(Saved entries)
──────────────────────────────
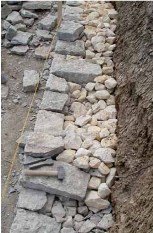
Bindersteine verankern die Mauer nach hinten.
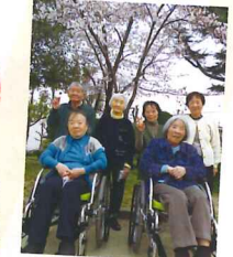
豊島野公園にも 行ってきました!!
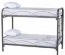
d. Camarote 1 Plaza
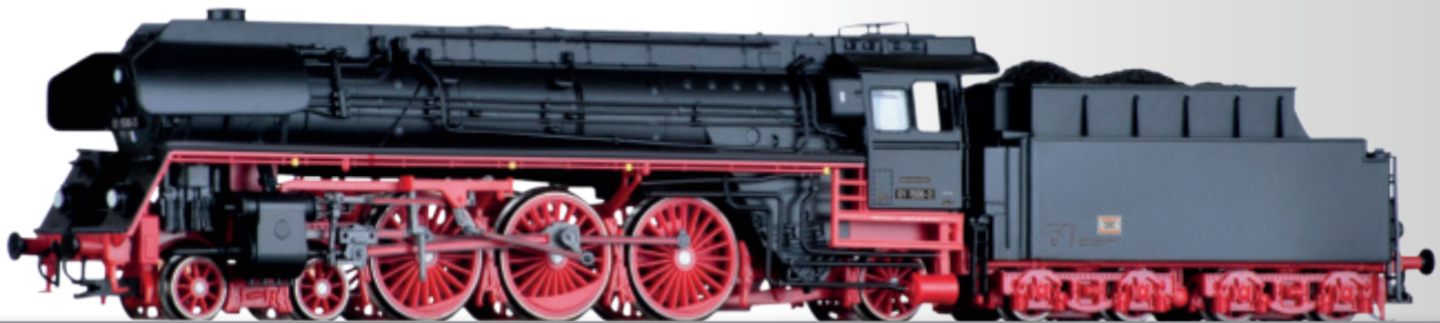
Dampflokomotive BR 01.5 der DR Steam locomotive class 01.5 of the DR
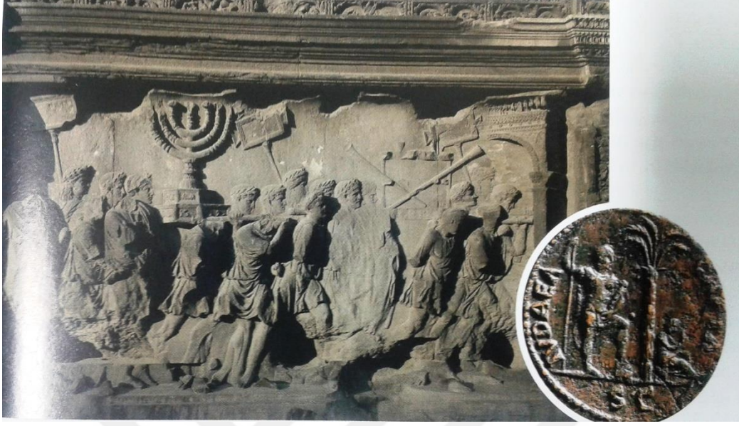
Fotoğraf 3: Titus'un Kudüs'ü tahrip ettikten sonra Yahudilerin kutsal altı kollu şamdanını Roma'ya götürmesinin temsili ve zaferin anısına basılan üzerinde JeduaCapta yazan para. (Montefiore, Kudüs Bir Şehrin Biyografisi , s. 176-177).
──────────────────────────────
* Exercise directions *
Text only, pictures out: give every record again as written.

* Output for this exercise *
Bindersteine verankern die Mauer nach hinten.
豊島野公園にも 行ってきました!!
d. Camarote 1 Plaza
Dampflokomotive BR 01.5 der DR Steam locomotive class 01.5 of the DR
Fotoğraf 3: Titus'un Kudüs'ü tahrip ettikten sonra Yahudilerin kutsal altı kollu şamdanını Roma'ya götürmesinin temsili ve zaferin anısına basılan üzerinde JeduaCapta yazan para. (Montefiore, Kudüs Bir Şehrin Biyografisi , s. 176-177).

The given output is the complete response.